(Beginning of LISTED ENTRIES)
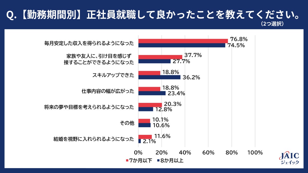 勤務期間別では、「7か月以下」「8か月以上」ともに「毎月安定した収入を得られるようになった」が最多となりましたが、7か月以下の2位は「家族や友人に、引け目を感じず接することができるようになった」(37.7%)、8か月以上では「スキルアップできた」(36.2%)となり、勤務期間が長いほど、自己の成長を実感する人が増加する傾向が見られました。
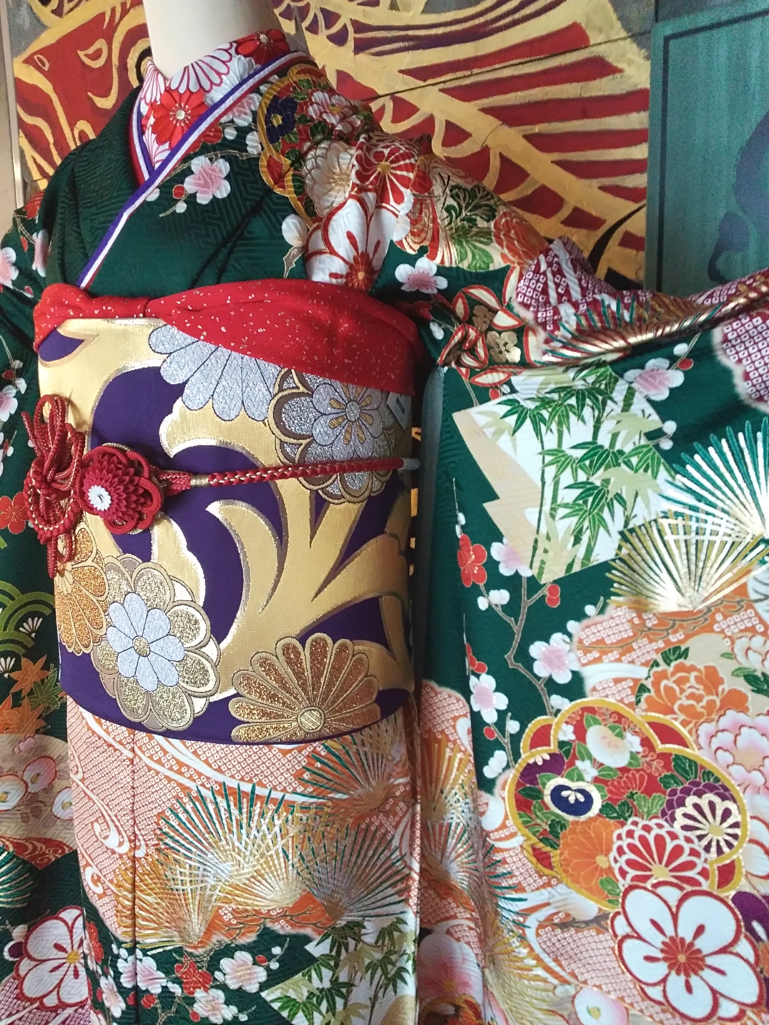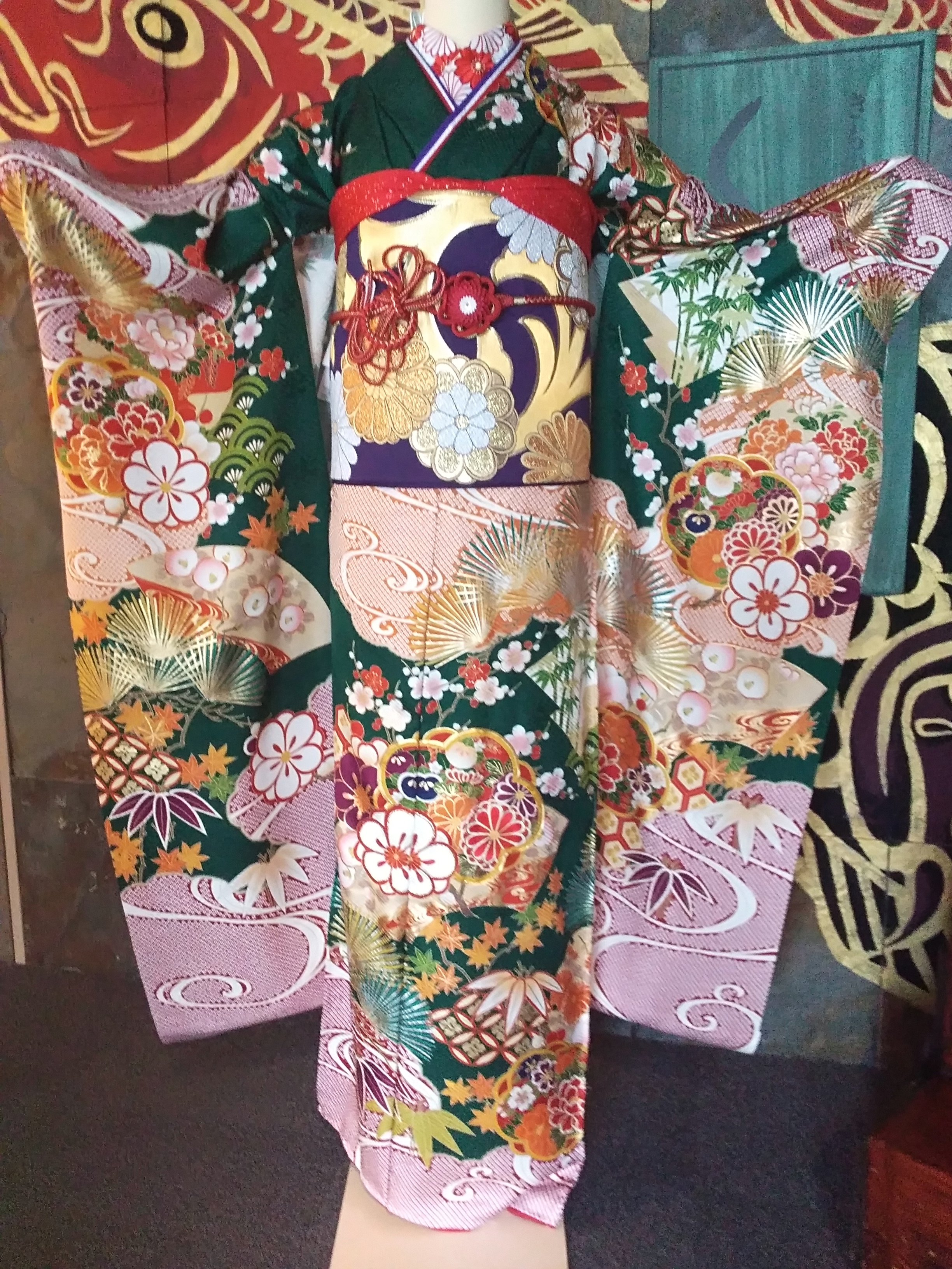 振袖は菊、松竹梅、流水、七宝、紅葉、橘、亀甲、扇、牡丹といった吉祥文様づくし。
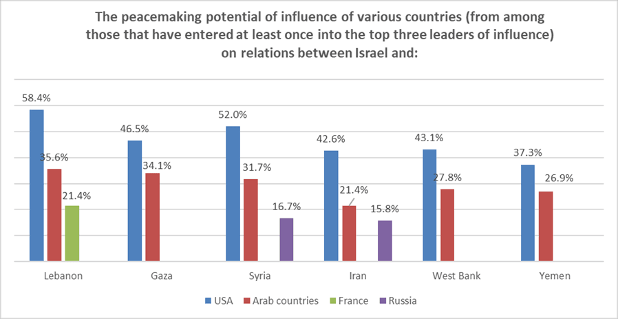 According to our research, Israelis identify four countries capable of exerting certain influence on achieving peace agreements between Israel and its neighbors: the United States, Arab countries (UAE, Saudi Arabia, Egypt, Qatar), Russia, and France.
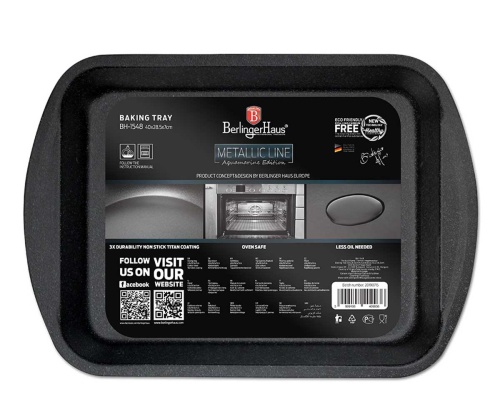 Use: for baking cookies, biscotti or other delicious dishes such as homemade fries and taquitos. This robust baking tray has a robust design that reliably resists warping and heats up evenly, ensuring even baking. It is a perfect complement to many other elements of the Berlinger Haus Metallic Line collection.
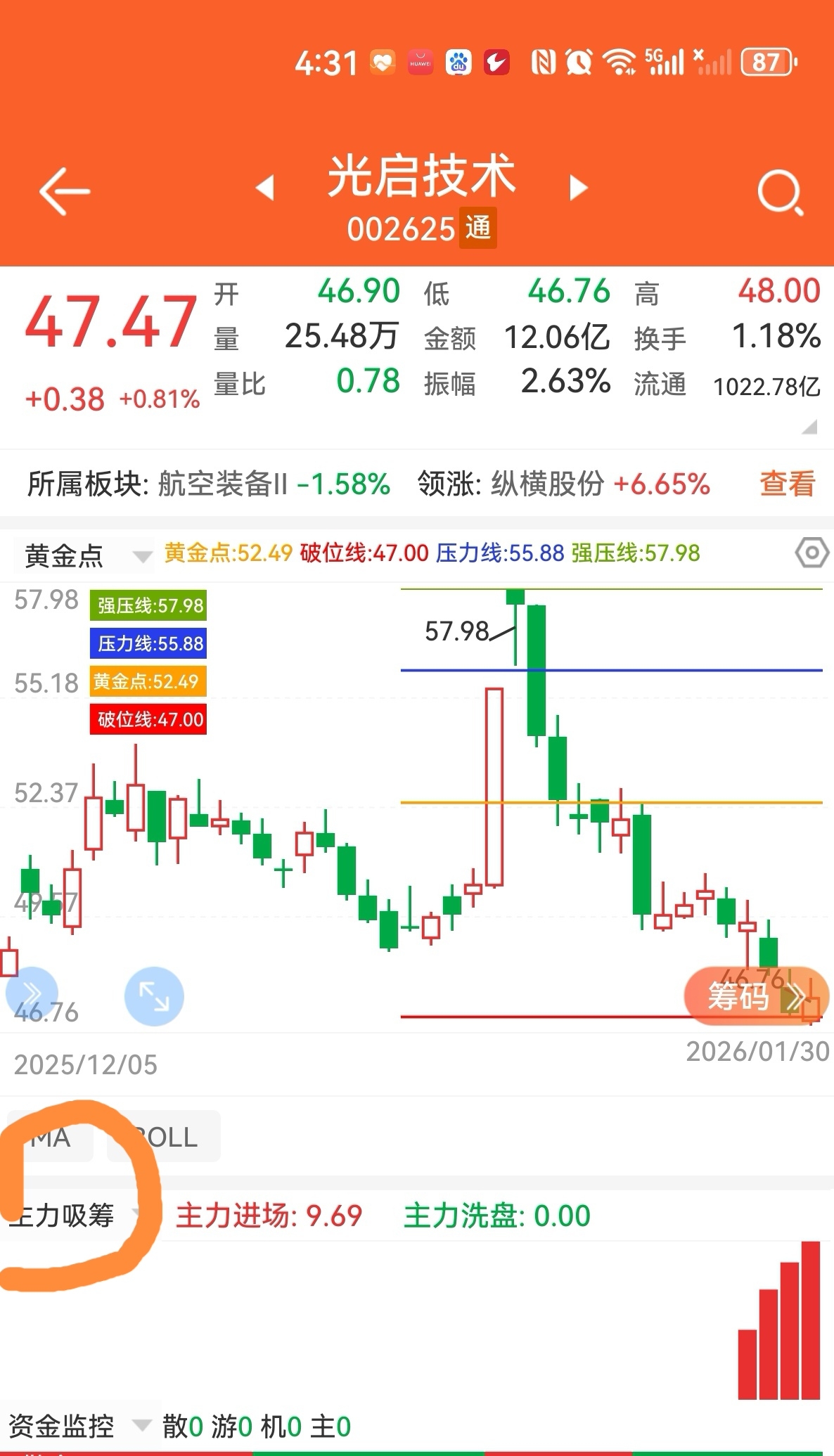 $光启技术(SZ002625)$ 连续4天主力进场
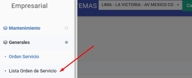 Primero, ingresamos al apartado Lista Orden de Servicio.
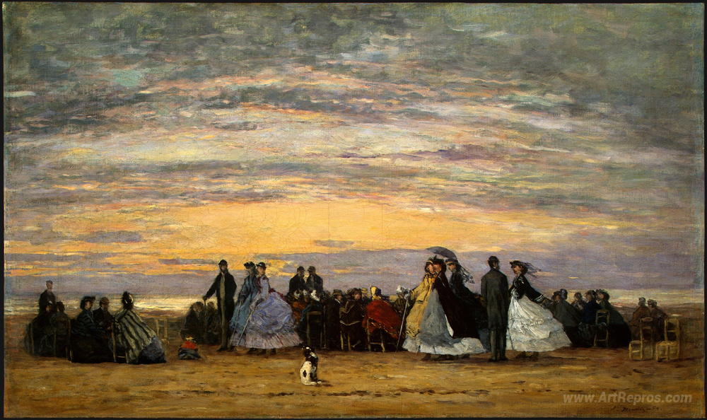 We offer you a handcrafted reproduction on canvas of the famous artwork 'The Beach at Villerville' by Eugene Boudin, from the Reproduction Museum.
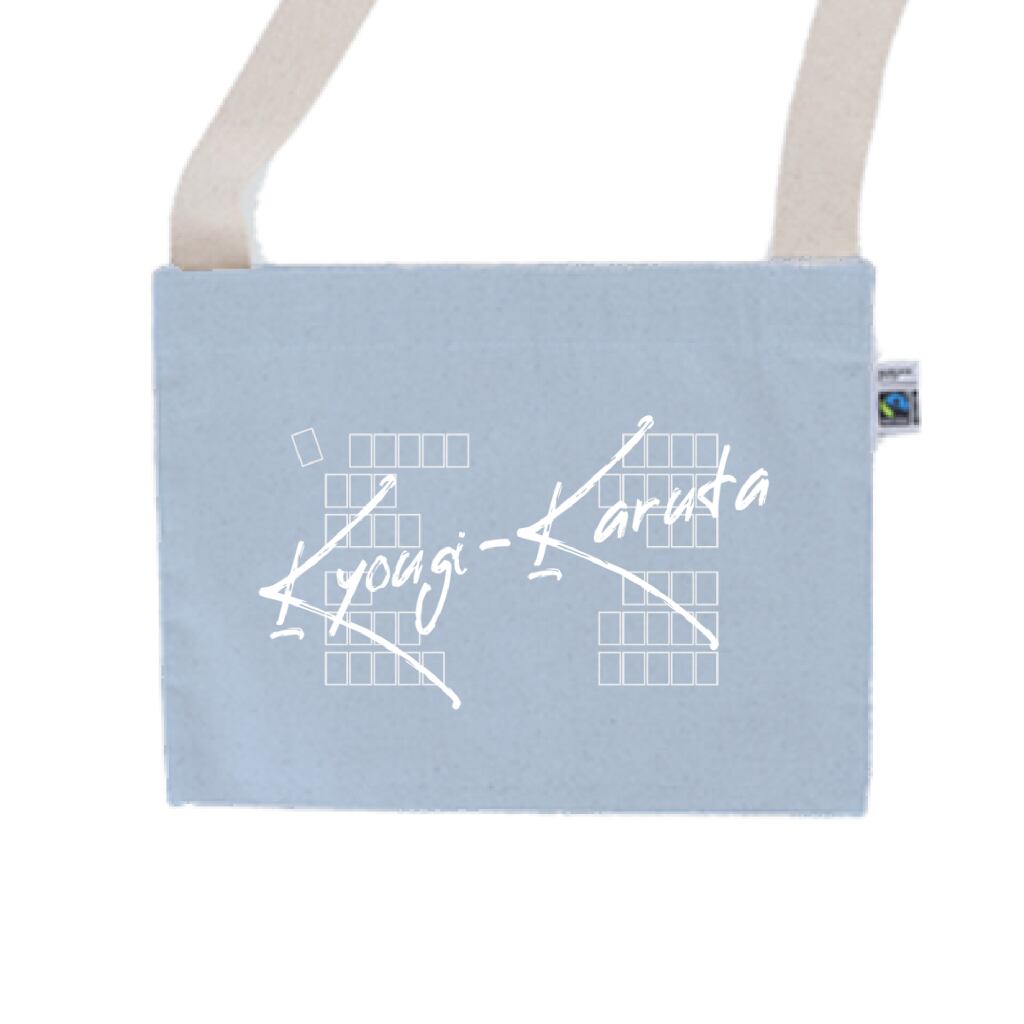 国際フェアトレード認証ラベル付きの地球にやさしいサコッシュに競技かるたプレイヤーにはお馴染みの競技かるた用語をデザイン。
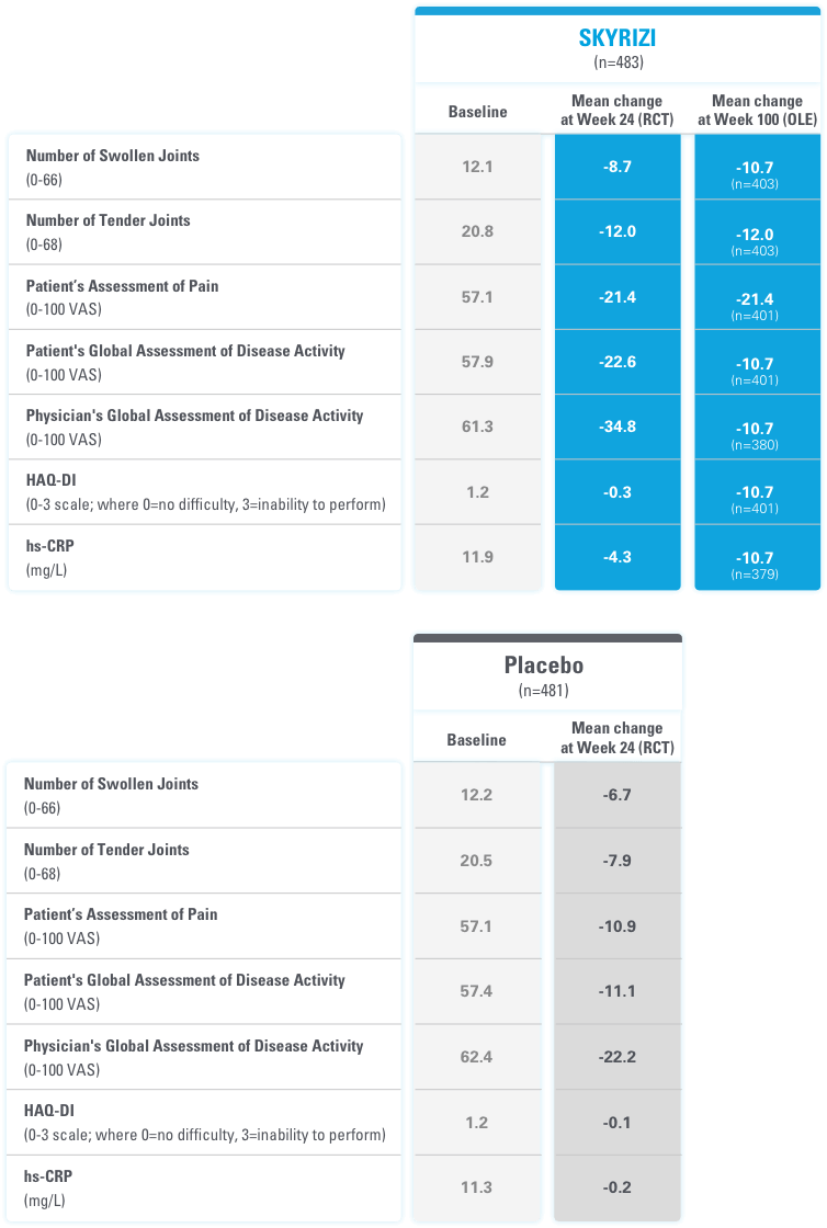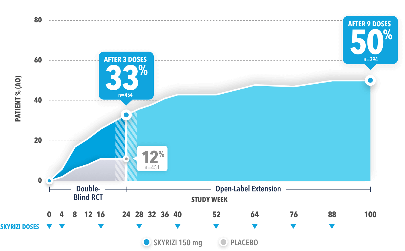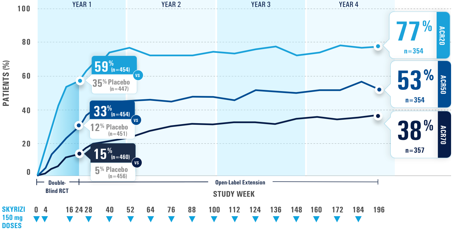 ACR50 - SKYRIZI 33% (n=483), PLACEBO 11% (n=481)
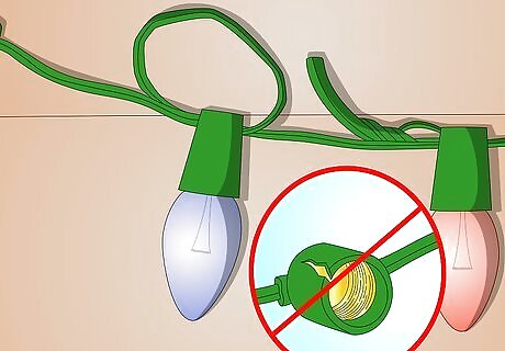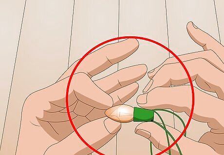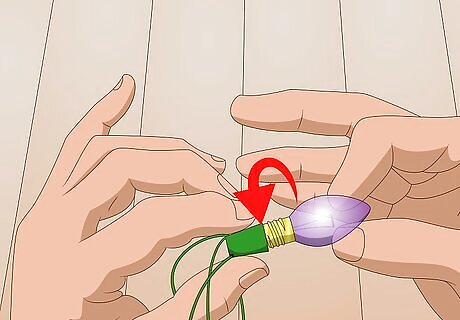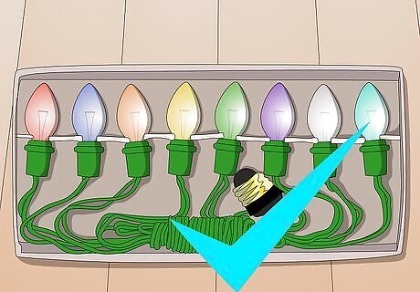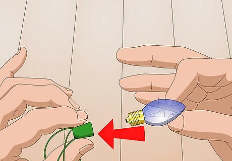 Replace dead bulbs. Remove any bulb that you know for certain is dead, either because it is an isolated unlit bulb in a strand of otherwise functioning bulbs, or it is clearly shattered, burnt-looking, or otherwise discolored. Gently remove a dead bulb by grasping it between two fingers and pulling it up out of the socket. Some bulbs may require you to twist the bulb before pulling up. Replace any individual dead bulb with a new one of equal size and wattage, placing it firmly down into the socket.
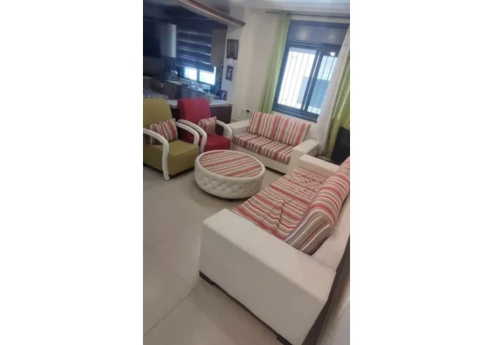 طقم صالون مع مزنون لون ابيض وطاولة سفرة
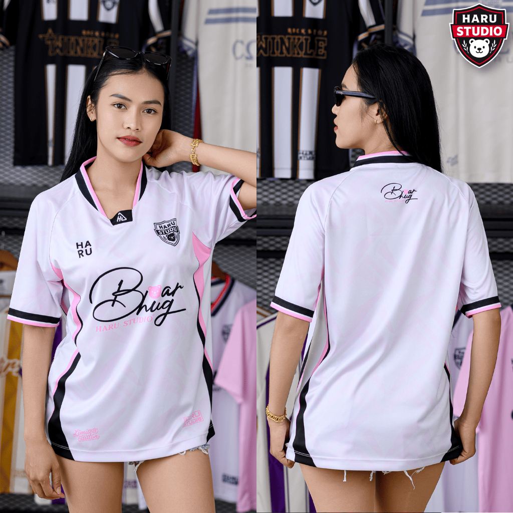 HARU เสื้อยืดคอวีเจาะสาบพิมพ์ลาย Bearhug ผ้าพิเศษ ไม่ต้องรีด ใส่ได้ทั้งหญิงและชาย
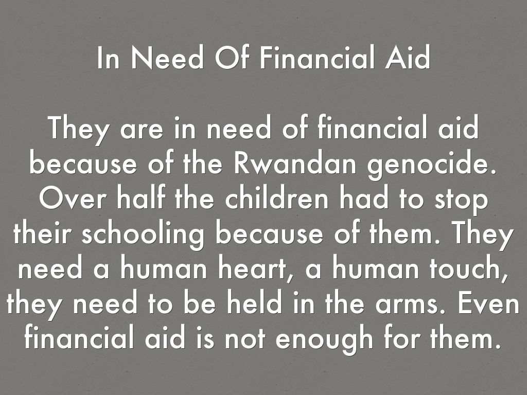 They are in need of financial aid because of the Rwandan genocide. Over half the children had to stop their schooling because of them. They need a human heart, a human touch, they need to be held in the arms. Even financial aid is not enough for them.
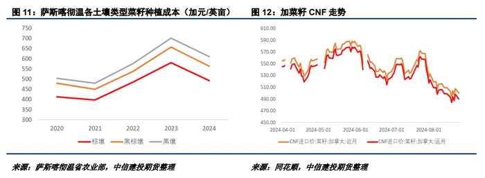 加菜籽是否被低估了呢?按照萨斯喀彻温省本年度的Crop Guide来看,其棕壤/黑棕壤/黑壤菜籽种植成本分别为493.11/563.69/610.22加元/英亩,将单位换算成加元/公顷,按照目前AAFC2.12吨/公顷的单产和0.74左右的汇率水平换算,我们认为萨省菜籽种植成本在435-520美元/吨左右。取黑棕壤作为代表性土壤,我们认为目前种植成本实际在485美元/吨左右。目前加菜籽CNF报价仍在490美元/吨以上,但已经十分靠近成本线。
(End of LISTED ENTRIES)
PROBLEM REQUIREMENTS: Every line from the top of the entries through the line that holds "振袖は菊、松竹梅、流水、七宝、紅葉、橘、亀甲、扇、牡丹といった吉祥文様づくし。" is to be quoted exactly, please, and nothing else; omit the pictures.

TASK RESULT:
 勤務期間別では、「7か月以下」「8か月以上」ともに「毎月安定した収入を得られるようになった」が最多となりましたが、7か月以下の2位は「家族や友人に、引け目を感じず接することができるようになった」(37.7%)、8か月以上では「スキルアップできた」(36.2%)となり、勤務期間が長いほど、自己の成長を実感する人が増加する傾向が見られました。
 振袖は菊、松竹梅、流水、七宝、紅葉、橘、亀甲、扇、牡丹といった吉祥文様づくし。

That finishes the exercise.